What to do:
Copy out exactly the lines spanning the line with "12勝2平,曼城歷史上各項賽事主場對陣布萊頓未嘗敗績" to the line with "أعلن معهد البحرين", inclusive, from the data underneath, with no pictures.

Input data:
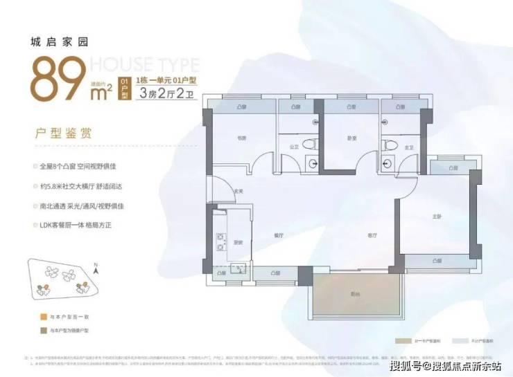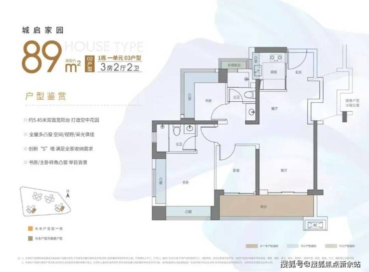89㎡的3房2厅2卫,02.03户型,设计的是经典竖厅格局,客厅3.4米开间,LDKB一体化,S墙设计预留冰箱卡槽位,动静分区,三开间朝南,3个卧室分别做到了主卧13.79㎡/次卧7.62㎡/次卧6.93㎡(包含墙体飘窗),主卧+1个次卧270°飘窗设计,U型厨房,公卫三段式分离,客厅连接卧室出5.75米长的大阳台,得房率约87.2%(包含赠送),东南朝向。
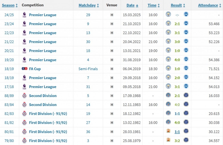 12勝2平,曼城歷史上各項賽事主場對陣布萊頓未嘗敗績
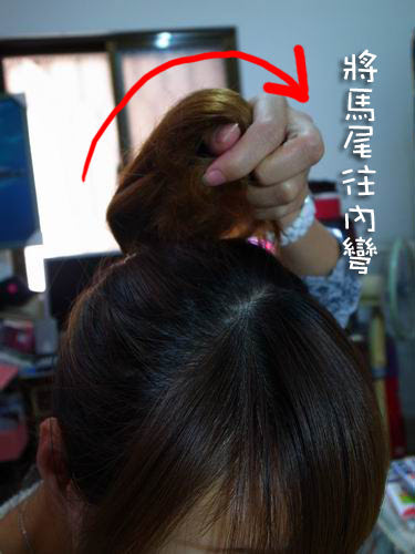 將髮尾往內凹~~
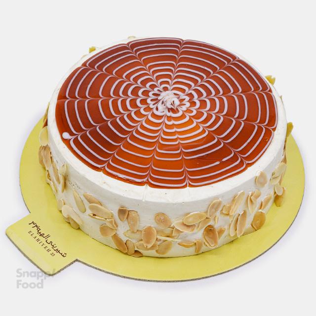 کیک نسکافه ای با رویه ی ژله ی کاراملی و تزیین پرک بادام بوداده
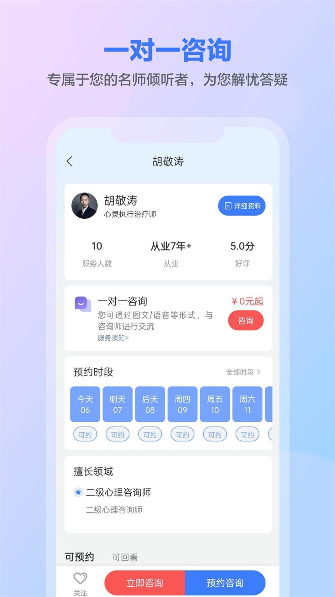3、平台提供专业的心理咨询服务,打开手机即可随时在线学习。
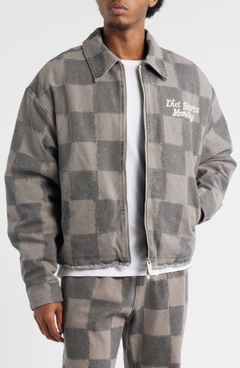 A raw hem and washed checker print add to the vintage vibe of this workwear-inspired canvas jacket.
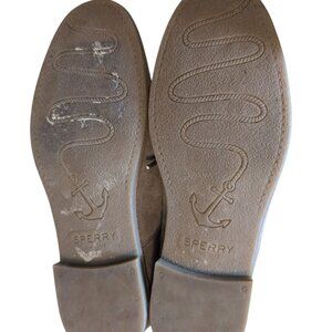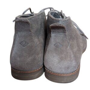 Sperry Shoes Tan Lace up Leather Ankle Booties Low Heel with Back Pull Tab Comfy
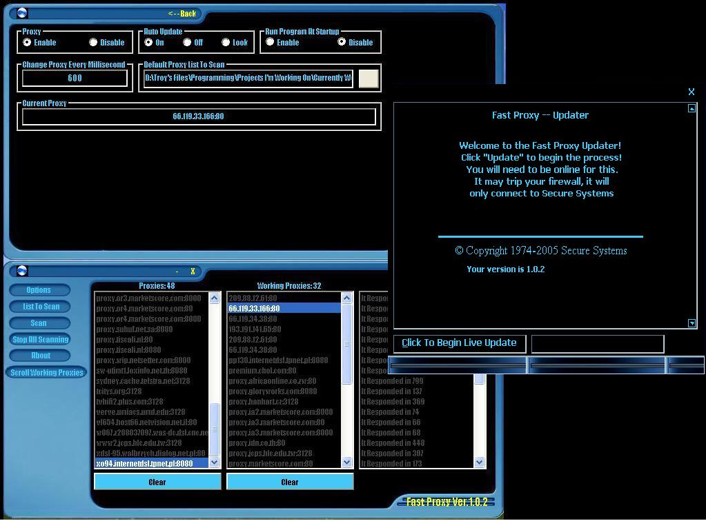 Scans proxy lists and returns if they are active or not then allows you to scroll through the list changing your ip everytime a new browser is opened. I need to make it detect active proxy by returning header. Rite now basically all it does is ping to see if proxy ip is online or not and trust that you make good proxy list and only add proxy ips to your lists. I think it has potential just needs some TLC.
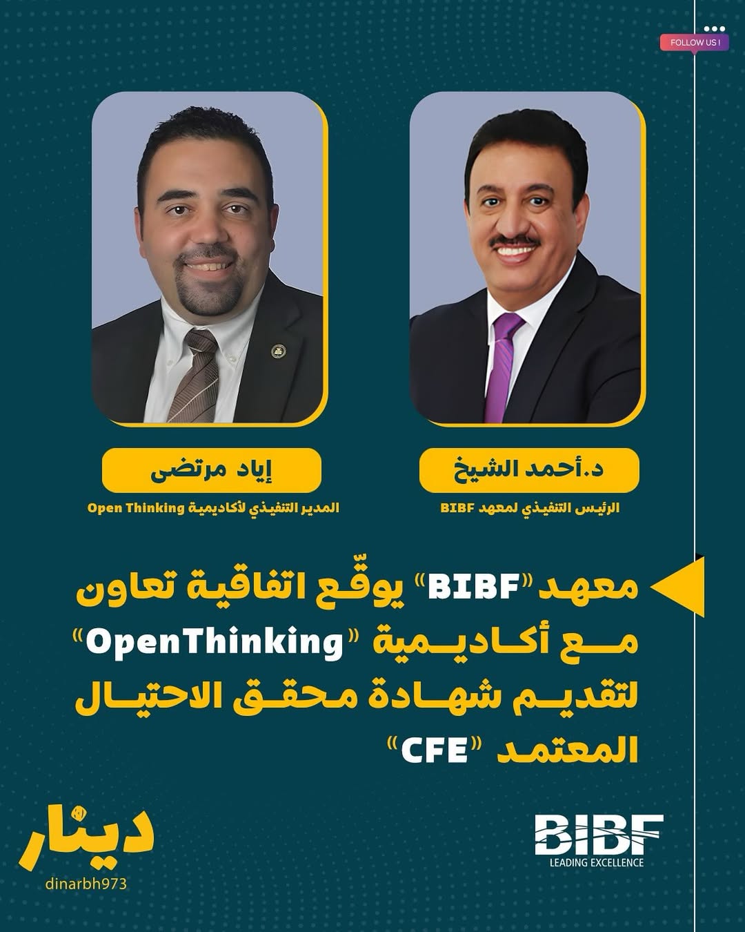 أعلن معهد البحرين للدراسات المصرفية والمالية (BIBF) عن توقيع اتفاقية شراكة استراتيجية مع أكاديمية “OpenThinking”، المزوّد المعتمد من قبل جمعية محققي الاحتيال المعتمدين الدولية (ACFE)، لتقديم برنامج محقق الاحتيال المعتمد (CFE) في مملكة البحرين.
---
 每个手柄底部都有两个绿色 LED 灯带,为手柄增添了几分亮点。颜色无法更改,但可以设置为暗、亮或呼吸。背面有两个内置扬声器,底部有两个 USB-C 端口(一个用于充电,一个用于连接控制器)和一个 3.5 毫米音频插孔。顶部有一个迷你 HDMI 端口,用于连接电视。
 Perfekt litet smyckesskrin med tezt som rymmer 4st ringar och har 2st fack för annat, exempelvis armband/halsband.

Solution to this exercise:
 12勝2平,曼城歷史上各項賽事主場對陣布萊頓未嘗敗績
 將髮尾往內凹~~
 کیک نسکافه ای با رویه ی ژله ی کاراملی و تزیین پرک بادام بوداده
3、平台提供专业的心理咨询服务,打开手机即可随时在线学习。
 A raw hem and washed checker print add to the vintage vibe of this workwear-inspired canvas jacket.
 Sperry Shoes Tan Lace up Leather Ankle Booties Low Heel with Back Pull Tab Comfy
 Scans proxy lists and returns if they are active or not then allows you to scroll through the list changing your ip everytime a new browser is opened. I need to make it detect active proxy by returning header. Rite now basically all it does is ping to see if proxy ip is online or not and trust that you make good proxy list and only add proxy ips to your lists. I think it has potential just needs some TLC.
 أعلن معهد البحرين للدراسات المصرفية والمالية (BIBF) عن توقيع اتفاقية شراكة استراتيجية مع أكاديمية “OpenThinking”، المزوّد المعتمد من قبل جمعية محققي الاحتيال المعتمدين الدولية (ACFE)، لتقديم برنامج محقق الاحتيال المعتمد (CFE) في مملكة البحرين.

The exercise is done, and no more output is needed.